◆ **What is expected**: Emit the data below verbatim, stripping out any pictures.

◆ **Material provided**:
§
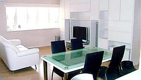 白を基調とする家具に良く合うように部屋全体をシンプルなデザインに仕上げ、スタイリッシュな空間を演出しています。
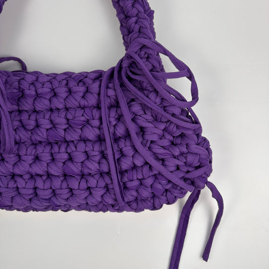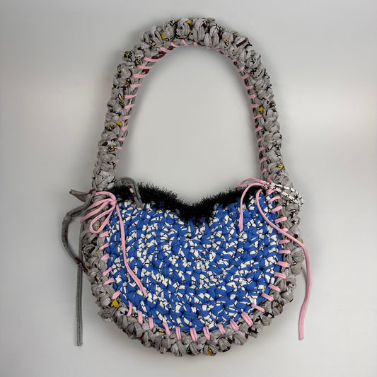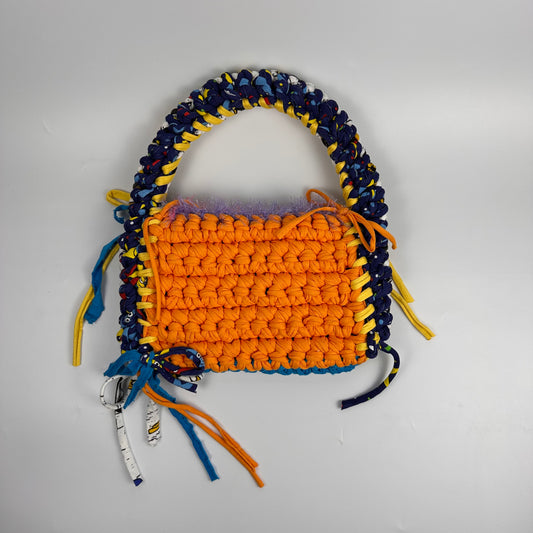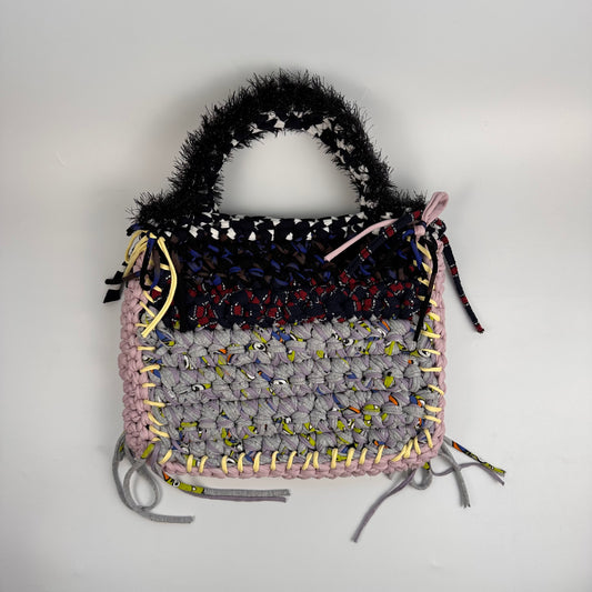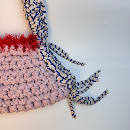 At Sloe Mosey we take repurposed t-shirt yarn in bold colours and patterns and top it off with a sprinkling of delectable tinsel to create playful, one of a kind handbags.
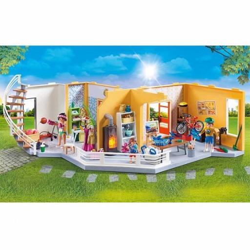 Playmobil 70986 Dodatkowe piętro Nowoczesnego Domu. Praktyczne powiększenie powierzchni użytkowej wnosi do domu jeszcze więcej życia. Jest dużo miejsca na wypoczynek i hobby. W sali fitness można trenować na steperze i maszynie bokserskiej. Jeśli rower się zepsuje, można go sprawdzić i naprawić na stojaku montażowym. Tuż obok rodzą się kreatywne pomysły i uwieczniane są na płótnie przed migoczącym ogniem kominka. Nowoczesna pralka czeka, aby ułatwić rodzinie prace domowe. Zestaw zawiera dwie figurki PLAYMOBIL, figurkę dziecka, kolejne piętro do nowoczesnego domu (9266), maszynę bokserską, stół warsztatowy, rower, różne sprzęty i narzędzia do ćwiczeń oraz wiele innych dodatków, które odtworzą kolorowe życie rodzinne. Dzięki dołączonym szablonom tapet można dowolnie upiększyć pomieszczenia w domu.
§
◆ **Answer for the task**:
 白を基調とする家具に良く合うように部屋全体をシンプルなデザインに仕上げ、スタイリッシュな空間を演出しています。
 At Sloe Mosey we take repurposed t-shirt yarn in bold colours and patterns and top it off with a sprinkling of delectable tinsel to create playful, one of a kind handbags.
 Playmobil 70986 Dodatkowe piętro Nowoczesnego Domu. Praktyczne powiększenie powierzchni użytkowej wnosi do domu jeszcze więcej życia. Jest dużo miejsca na wypoczynek i hobby. W sali fitness można trenować na steperze i maszynie bokserskiej. Jeśli rower się zepsuje, można go sprawdzić i naprawić na stojaku montażowym. Tuż obok rodzą się kreatywne pomysły i uwieczniane są na płótnie przed migoczącym ogniem kominka. Nowoczesna pralka czeka, aby ułatwić rodzinie prace domowe. Zestaw zawiera dwie figurki PLAYMOBIL, figurkę dziecka, kolejne piętro do nowoczesnego domu (9266), maszynę bokserską, stół warsztatowy, rower, różne sprzęty i narzędzia do ćwiczeń oraz wiele innych dodatków, które odtworzą kolorowe życie rodzinne. Dzięki dołączonym szablonom tapet można dowolnie upiększyć pomieszczenia w domu.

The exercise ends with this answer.